We begin with the supposition that fleshly men, and not God defined Scripture. The assumption is made that the contributions of women are whitewashed in the background so they either need to accentuate the ones already there or invent them.

In performing this task, feminists have already defined that they could not accept any interpretation of Scripture that didn’t support the liberation of women. (13) However, it didn’t specify what they could use the Bible for. (13) Elisabeth Schussler Fiorenza proposed that the rules of suspicion, rememberance, proclamation, and creative actualization be used in feminist interpretation of Scripture. (13)

Suspicion presupposed that since the Bible was written by men, it could not be trusted, and therefore the reader could raise questions regarding the validity of the author’s interpretation of events. (13) For example, under suspicion, the account of Jezebel and her female deities is softened because of the perception of misogynistic jealousy and fear placed onto the writer of 1 Kings by the feminist. (14)

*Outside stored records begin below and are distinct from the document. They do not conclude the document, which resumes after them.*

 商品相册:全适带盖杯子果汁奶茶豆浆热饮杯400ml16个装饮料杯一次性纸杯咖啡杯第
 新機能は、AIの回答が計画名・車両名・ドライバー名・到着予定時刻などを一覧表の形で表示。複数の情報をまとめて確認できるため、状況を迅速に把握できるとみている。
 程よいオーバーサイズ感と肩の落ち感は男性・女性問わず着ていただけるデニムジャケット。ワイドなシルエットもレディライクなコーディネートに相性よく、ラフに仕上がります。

Proclamation said that those verses which proclaimed liberation for women should be actively proclaimed (14), while the texts identified as patriarchal or sexists should be removed from lectionaries and not proclaimed. (15) For example, John 8:36 would be shouted from the rooftops, but Ephesians 5:22 would be ignored (15):

If the Son therefore shall make you free, ye shall be free indeed. (John 8:36)
Wives, submit yourselves unto your own husbands, as unto the Lord. (Ephesians 5:22)

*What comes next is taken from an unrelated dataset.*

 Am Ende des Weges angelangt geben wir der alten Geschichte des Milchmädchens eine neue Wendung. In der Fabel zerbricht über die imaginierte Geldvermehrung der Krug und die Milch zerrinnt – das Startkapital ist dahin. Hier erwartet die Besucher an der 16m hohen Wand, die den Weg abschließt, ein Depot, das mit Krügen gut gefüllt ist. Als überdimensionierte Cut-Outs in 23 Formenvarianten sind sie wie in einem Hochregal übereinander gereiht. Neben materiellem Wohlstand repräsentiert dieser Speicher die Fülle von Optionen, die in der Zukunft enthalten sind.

Remembrance encouraged women to locate the suffering of women in the Bible and draw feminist meaning from it, whether valid or not in the context of the Scripture. (15) This served “to heighten women’s bitterness, anger, and disillusionment with God and the Bible. (16)

Creative actualization encouraged women to “read into, embellish, or augment” the Biblical text (16), with the view of “reclaiming for Church women the same imaginative freedom, popular creativity, and ritual powers the male prophets and apostles possessed.” (17) This encouraged women to rewrite Biblical stories about women, reformulate patriarchal prayers and create feminist ritual celebrating feminine ancestors mentioned in Scripture. (17) For example, the existence of “Lilith” in the Genesis account is an early creative actualization. (17)

We can see readily the presupposition that a woman’s intuition, thoughts, experiences, and perceptions are placed above even God Himself. We also see the intent that women (and men too) want to get messages out of Scripture that they want to get out of it. In essence, they desire Scripture to conform to them, rather than to conform themselves to Scripture. Feminist Churchianity has now declared its full independence from the authority of God

(1) The Feminist Gospel by Mary Kassian p 71 (2) ibid page 72, 74, 76, 78, 80, 83, 87.
(3) ibid page 89. (4) ibid page 90. (5) ibid page 91. (6) ibid page 92, 93, 94.
(7) ibid page 94. (8) ibid page 95. (9) ibid page 96. (10) ibid page 97. (11) ibid page 109.
(12) ibid page 110. (13) ibid page 111. (14) ibid page 112. (15) ibid page 113.
(16) ibid page 114. (17) ibid page 115.